▸ DIRECTIONS
Write out, unaltered, each line from the top of the records below down to the line where "Handmade wood carved" appears, that line included.
╭─ INFORMATION
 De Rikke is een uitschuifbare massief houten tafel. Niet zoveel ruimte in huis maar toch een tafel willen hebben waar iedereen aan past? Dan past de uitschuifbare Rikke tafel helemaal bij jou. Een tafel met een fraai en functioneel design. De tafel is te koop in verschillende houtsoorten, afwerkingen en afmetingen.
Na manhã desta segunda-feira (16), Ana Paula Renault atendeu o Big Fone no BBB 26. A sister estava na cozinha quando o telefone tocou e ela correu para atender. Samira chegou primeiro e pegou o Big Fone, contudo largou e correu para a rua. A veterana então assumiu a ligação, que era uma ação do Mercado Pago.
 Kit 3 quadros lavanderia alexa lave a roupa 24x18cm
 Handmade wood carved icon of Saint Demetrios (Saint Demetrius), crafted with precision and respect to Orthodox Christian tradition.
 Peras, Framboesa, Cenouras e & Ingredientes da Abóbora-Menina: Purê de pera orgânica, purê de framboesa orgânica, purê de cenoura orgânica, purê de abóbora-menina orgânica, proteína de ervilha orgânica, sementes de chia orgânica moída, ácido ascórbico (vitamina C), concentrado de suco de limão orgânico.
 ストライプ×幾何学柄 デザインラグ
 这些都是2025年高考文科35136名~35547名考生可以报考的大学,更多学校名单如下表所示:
╰─
▸ ANSWER TO THE PROBLEM
 De Rikke is een uitschuifbare massief houten tafel. Niet zoveel ruimte in huis maar toch een tafel willen hebben waar iedereen aan past? Dan past de uitschuifbare Rikke tafel helemaal bij jou. Een tafel met een fraai en functioneel design. De tafel is te koop in verschillende houtsoorten, afwerkingen en afmetingen.
Na manhã desta segunda-feira (16), Ana Paula Renault atendeu o Big Fone no BBB 26. A sister estava na cozinha quando o telefone tocou e ela correu para atender. Samira chegou primeiro e pegou o Big Fone, contudo largou e correu para a rua. A veterana então assumiu a ligação, que era uma ação do Mercado Pago.
 Kit 3 quadros lavanderia alexa lave a roupa 24x18cm
 Handmade wood carved icon of Saint Demetrios (Saint Demetrius), crafted with precision and respect to Orthodox Christian tradition.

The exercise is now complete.